Растерявшаяся Берри вопросительно посмотрела на доктора, и тот покачал головой.
— Нет, мадам, — ответила Берри осторожно.
Королева продолжала смотреть на нее пристально, но Мэтью увидел, что глаза у нее снова стекленеют, возвращаются в загадочный внутренний мир, где она проводит свои дни.
— Пошлите за мной, когда он придет, — велела дама и едва слышным шепотом добавила: — Он обещал. А обещаний он не нарушает.
Рэмсенделл и Мэтью переглянулись, Берри вернулась к работе. Королева покинула их так же быстро, как появилась, и была уже далеко.
Когда Берри закончила работу, сделав как раз то, что просил Мэтью, он подошел к даме и присел рядом. Рэмсенделл смотрел внимательно, но не вмешивался.

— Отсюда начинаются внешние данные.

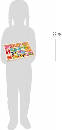 Pärlorna levereras i en trälåda med 16 fack och är sorterade och indelade efter form.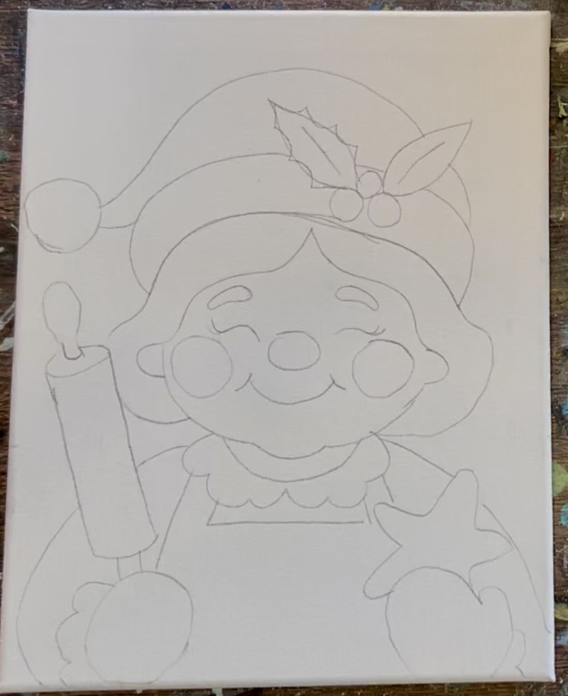 1. Draw or transfer Mrs. Claus pattern to canvas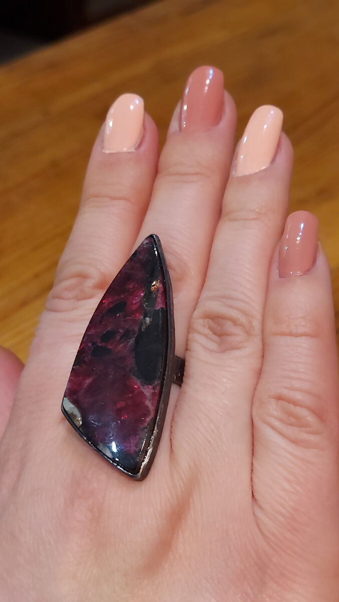 Наш новый серебряный перстень "Ночные маки" с эвдиалитом выполнен полностью вручную по заказу клиента. Точнее, теперь уже не наш 😁 Эвдиалит - роскошный камень, один из моих любимых! Эти слегка прозрачные насыщенно-красные кристаллы в чёрном эгерине смотрятся ярко и одновременно, строго и торжественно. Камушки такого качества находят только в Хибинских горах на побережье Белого моря. Минерал известен также под названиями альмандиновый шпат, лопарская или саамская кровь. Последнее название связано с легендой о нападении на племена саамов (лопаров), живших в Хибинах охотой и рыболовством, хорошо вооруженных грозных шведов - профессиональных воинов. Поражение казалось не минуемым. А пленение и рабство - не выносимыми. В борьбе за свою свободу эти племена решили идти до конца, не считаясь с любой ценой и потерями. И только поэтому им удалось победить жестоких захватчиков. Много саамской крови пролилось в тех битвах. По легенде, кровь мужественных саамов, щедро оросившая землю, п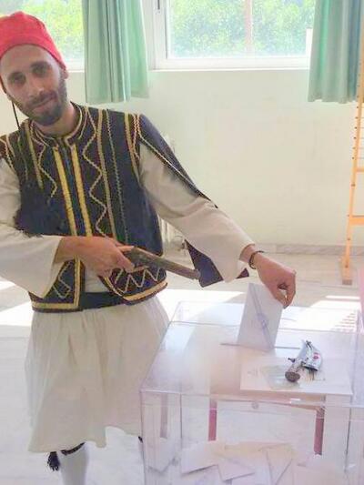 "Ελληνοφρένεια"...τώρα και στο Αίγιο και μάλιστα πάνω απ'την κάλπη! Ο τσολιάς της φωτογραφίας δεν είναι άλλος από τον νεαρό αιγιώτη Άγγελο Δούκα, ο οποίος ντύθηκε με την παραδοσιακή φουστανέλα και πήγε σήμερα το πρωί στο εκλογικό του τμήμα για να ψηφίσει.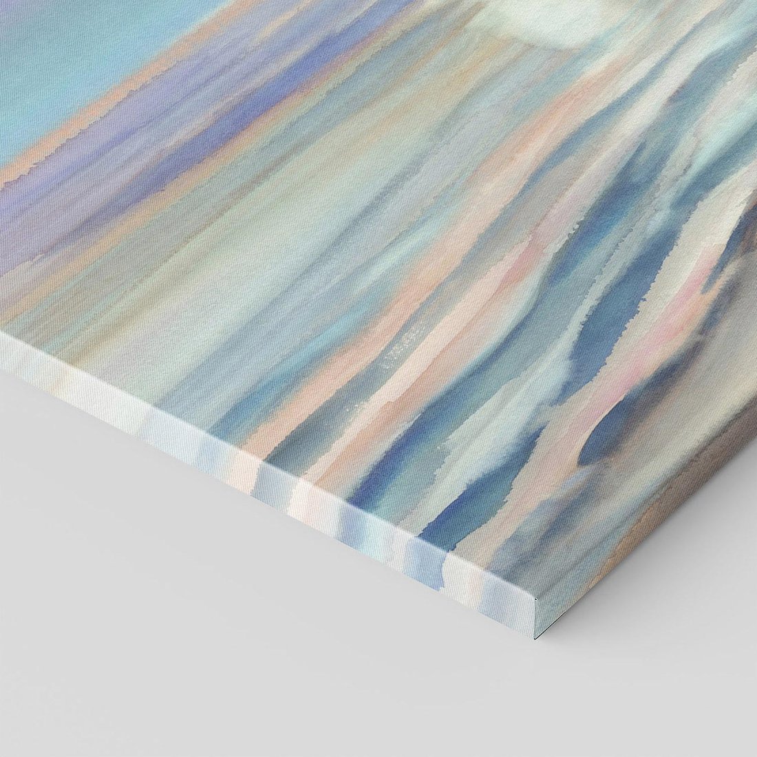 Ta akwarela przedstawia zamglony wschód słońca, gdzie chłodne pastelowe kolory nadają delikatną aurę porannej mgły. Ta spokojna podróż w czasie przenosi nas w urokliwą chwilę, gdy świat budzi się w miękkim blasku poranka.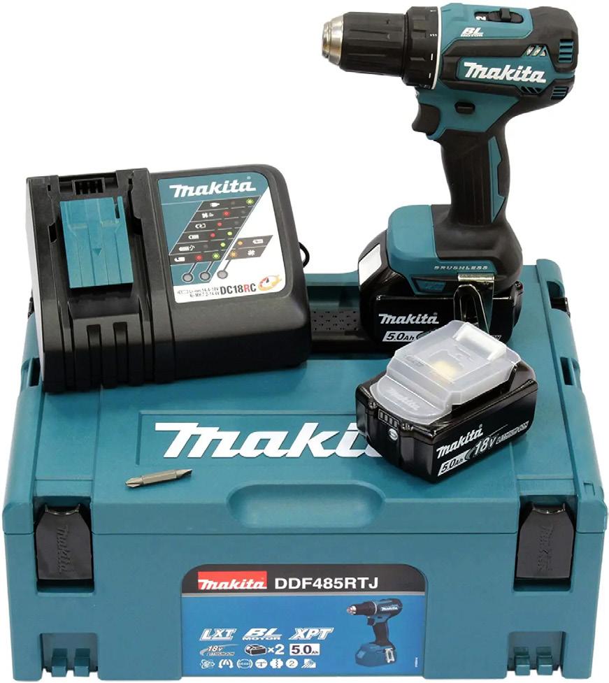 Borvél, 18v 2 stk. 5.0Ah rafhlöður, 2ja gíra. Hraði 0-500/1900 sn.mín. Kolalaus mótor. Hersla 50Nm. Hleðslutími 45 mín. 13 mm patróna. Led ljós og beltishanki MAKPAC. Taska Þyngd 1,7 kg. 5255298
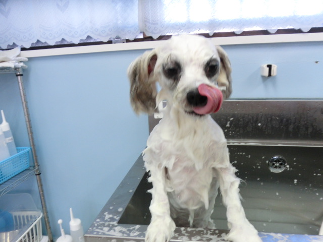 シャンプー中も ペロッ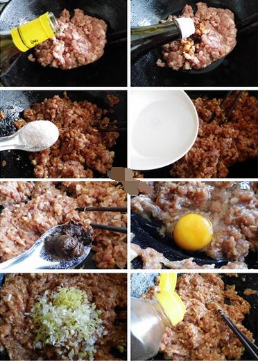 1、肥瘦相間豬肉餡加入料酒,生抽,鹽,一點(diǎn)白水?dāng)嚢?,讓水吃到肉餡中,一勺的黃醬,一個(gè)雞蛋,蔥姜末,攪拌均勻,在肉餡上勁后,最后加入一點(diǎn)香油,備用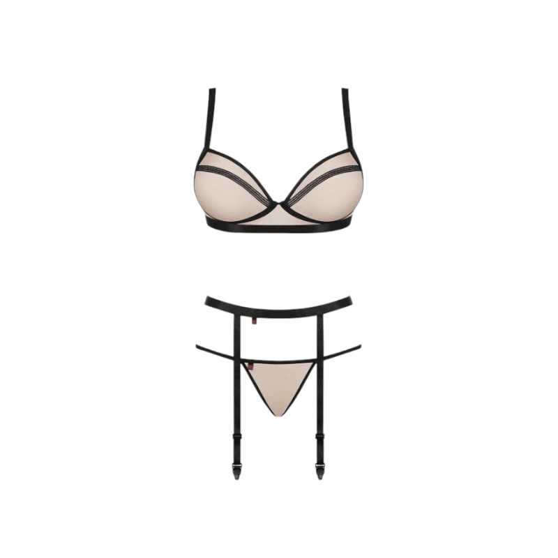 Marzysz o podróży do krainy przyjemności? Czas na jej (nie)małą odrobinę! Dziś wieczorem zostaniesz boginią elegancji. Seksowny, cielisty komplet z kolekcji Nudelia to idealne rozwiązanie dla kobiet, które lubią delikatny materiał i rozkoszny akcent w postaci paseczków. Połączenie prześwitującego beżu z czernią zapewni Ci wiele cudownych nocy oraz satysfakcję podczas noszenia tak wyjątkowo kobiecego kompletu. Tego wieczoru zdobędziesz jego serce na nowo! Gotowa poczuć się pięknie? Bo tak właśnie będziesz wyglądała w komplecie Nudelia!

— Мадам? — окликнул ее Мэтью. Ответа не было — даже ресница не шелохнулась. Мэтью позвал еще раз, уже громче: — Мадам? — Снова ничего. Он наклонился ближе: — Пеннфорд Деверик.
Королева Бедлама моргнула — будто ее перетянули плеткой. Но выражение лица осталось бесстрастным.
— Откуда вы знаете Пеннфорда Деверика? — спросил Мэтью.
Ничего. Полная неподвижность.
Мэтью хотел продолжать, но перед тем взглянул на Рэмсенделла, приподняв брови. Доктор кивнул:
— Давайте, — тихо сказал он.
— Пеннфорд Деверик. Откуда вы знаете это имя, мадам?
Действительно пальцы сильнее впились в подлокотник?
Действительно ли чуть приподнялся подбородок и шевельнулись губы, не издав ни звука?
Мэтью ждал. Если она и правда ответила, то ответ пропал.
— Я хочу вам помочь, мадам. Все мы хотим. Пожалуйста, попытайтесь меня услышать, если можете. Пеннфорд Деверик. Вы знаете это имя. Вы знаете, кто он был — торговец. Пожалуйста, подумайте… что связывает Пеннфорда Деверика и Филадельфию?
Слово поплыло в воздухе, как призрак дома номер семь по Стоун-стрит.
— Филадельфия.
— Да, мадам. — Мэтью видел, что Рэмсенделл встал по другую сторону от кресла Королевы. — Конкретнее, и постарайтесь, прошу вас, услышать: что связывает Пеннфорда Деверика и вас?
Ответа не было, но по лицу Королевы пробежала рябь, будто какая-то эмоция поднялась из полной отчаяния глубины в самом средоточии этой женщины, из глубины, которую она заперла и выбросила ключ. Это было мимолетное мгновение, но так ужасна была душевная боль в искривленном изгибе рта, в блеснувших вдруг глазах, что Мэтью испугался, как бы не оказалось ей больше вреда, чем пользы. То же самое увидел Рэмсенделл, потому что сказал немедленно:
— Мистер Корбетт! Я думаю, вам не следует…
— Пеннфорд Деверик мертв, — со сдавленным придыханием проговорила Королева Бедлама. — Теперь не доказать. Никогда.
Этого Мэтью упустить не мог. Сердце у него колотилось.
— Не доказать что, мадам?
— Ответ короля, — сказала она, и в глазах ее блеснули слезы. — Он обещал, обещал.
Слеза сорвалась и медленно потекла по правой щеке.
— Мистер Корбетт! — непреклонно заявил Рэмсенделл. — Я думаю, на этом все.
— Еще только одно, доктор! Прошу вас! Один только вопрос, и все, ладно?
— Мой долг — соблюдать интересы моих пациентов, сэр. — Рэмсенделл наклонился, заглянул в лицо леди, совершенно пустое, если не считать следа от слезы. — В любом случае, мне кажется, она сейчас не здесь.